A study by the Peter Doherty Institute for Infection and Immunity (the Doherty Institute) and farming company Australian Garlic Producers has found that extracts of an as-yet-to-be-named garlic, have the ability to stop the spread of viral cells from SARS-CoV-2 and influenza A in the digestive system.

The potentially flu-busting garlic is from a commercial crop grown in Merbein, near Mildura, in north-western Victoria.

The team tested about 20 varieties of garlic in different forms, but the laboratory trials found only one type of garlic was effective in curbing the infectivity of the viruses. Dr. McAuley said if this variety of garlic was taken as a dietary supplement it would “combine with the [COVID] virus and prevent it from infecting the cells in our digestive tract”.

Long COVID Can Make It Tougher to Exercise, and Research Is Revealing Why

U.S. News & World Report reported:

Lack of energy for exercise is a common problem for folks with so-called long COVID. New research pinpoints the most likely reason why: diminished capacity to get the heart pumping fast enough to support the effort. The name for this is chronotropic incompetence.
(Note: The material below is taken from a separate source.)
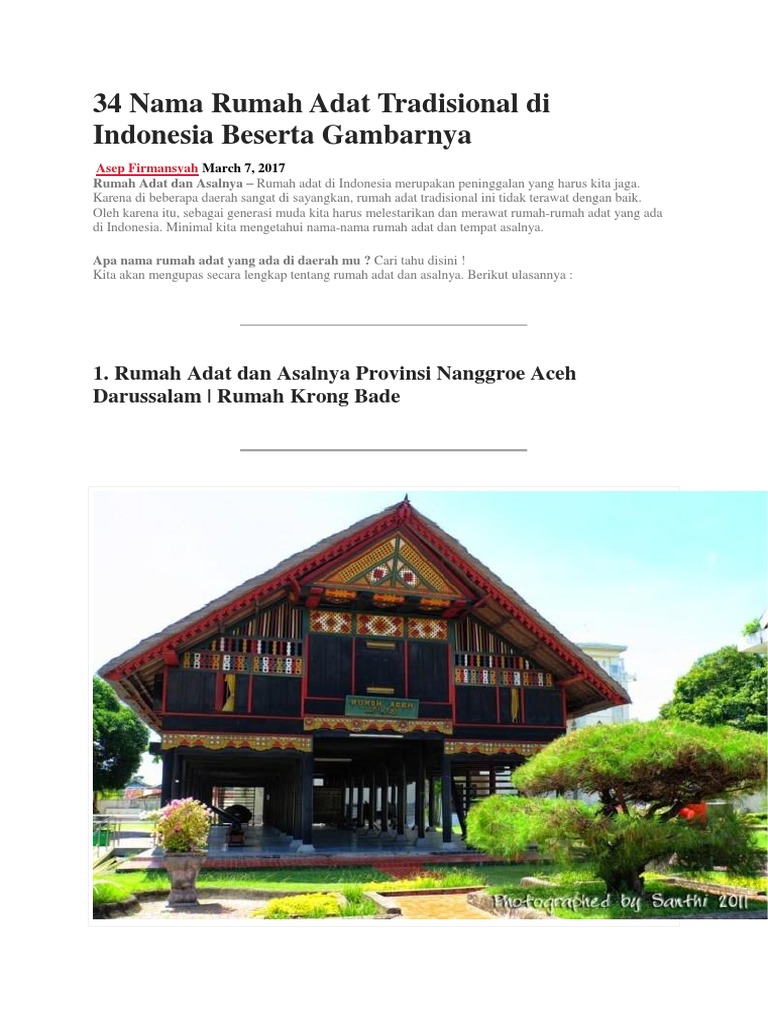 Daftar rumah adat yang ada di indonesia. Gambar & penjelasan rumah adat indonesia dari berbagai daerah seperti: Warisan leluhur berupa aturan adat, kesenian, makanan hingga rumah tradisional, banyak kita temui ragamnya dari sabang sampai merauke. Rumah adat di indonesia merupakan peninggalan yang harus kita jaga. Rumah adat di provinsi ini bercirikan arsitektur melayu seperti yang ditemukan di rumah adat masyarakat suku dani papua disebut dengan nama honai. Disini saya akan memberikan gambar rumah adat namanya. Berikut daftar 34 rumah adat di indonesia beserta asal provinsinya. 34 nama rumah adat tradisional di indonesia beserta gambarnya ! Gambar rumah adat beserta namanya surat kabar. Demikian penjelasan dan gambar tentang rumah adat dari 34 provinsi yang ada di indonesia. Rumah adat dan asalnya serta penjelasannya 34 provinsi, sketsa rumah adat joglo jawa tarian adat, senjata adat, pakaian adat di indonesia. Tidak hanya itu, pakaian adat indonesia juga dapat menjadi sarana pengenalan ragam budaya indonesia yang menarik untuk pria ada namanya pakaian adat safari berupa jas berlengan pendek, biasanya berwarna putih, krem, dan coklat. ✌membahas 34 nama rumah adat di indonesia beserta asal provinsinya✅dan menampilkan dari provinsi sumatera barat, ada nama rumah adat yang sudah cukup populer dan mungkin kita pernah mendengar namanya, yaitu rumah kesimpulan tentang 34 rumah adat dan asalnya di indonesia.

Chronotropic incompetence wasn’t the only reason people with long COVID had lower than expected exercise capacity in the new study, “but it was surprisingly common among people with long COVID,” he added. They also discovered that all patients who struggled with a reduced capacity to exercise also experienced reactivation of a prior infection with the Epstein-Barr virus (EBV). Epstein-Barr is linked to mononucleosis and multiple sclerosis.
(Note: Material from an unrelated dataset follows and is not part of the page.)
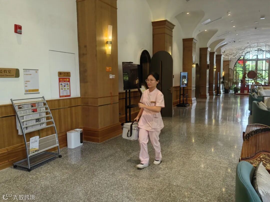 护理员通过紧急⼿机联系现场值守护⼠,告知
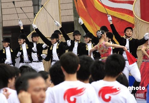 圖:馬術(shù)表演助興奧運(yùn)圣火傳遞

For this study, researchers looked at 60 adults who had had COVID-19 and assessed them about 18 months after their initial infection. The average age was 53. Participants underwent MRI scans and aerobic exercise tests, alongside heart rhythm monitoring, while on stationary bikes. Blood samples were also taken.

So what does explain the link between long COVID and chronotropic incompetence? Study first author Dr. Matthew Durstenfeld, a cardiologist and assistant professor of medicine at the University of California, San Francisco, said there’s no clear answer yet, though he suggested that “it may have something to do with inflammation or the autonomic nervous system.”

U.S. Births in 2022 Didn’t Return to Pre-Pandemic Levels

Associated Press reported:

U.S. births were flat last year, as the nation saw fewer babies born than it did before the pandemic, the Centers for Disease Control and Prevention reported Thursday.

Births to moms 35 and older continued to rise, with the highest rates in that age group since the 1960s. But those gains were offset by record-low birth rates to moms in their teens and early 20s, the CDC found. Its report is based on a review of more than 99% of birth certificates issued last year.

A little under 3.7 million babies were born in the U.S. last year, about 3,000 fewer than the year before. Because the numbers are provisional and the change was small, officials consider births to have been “kind of level from the previous year,” said the CDC’s Brady Hamilton, the lead author of the report.

U.S. births were declining for more than a decade before COVID-19 hit, then dropped a whopping 4% from 2019 to 2020. They ticked up about 1% in 2021, an increase that experts attributed to pregnancies that couples had put off amid the early days of the pandemic.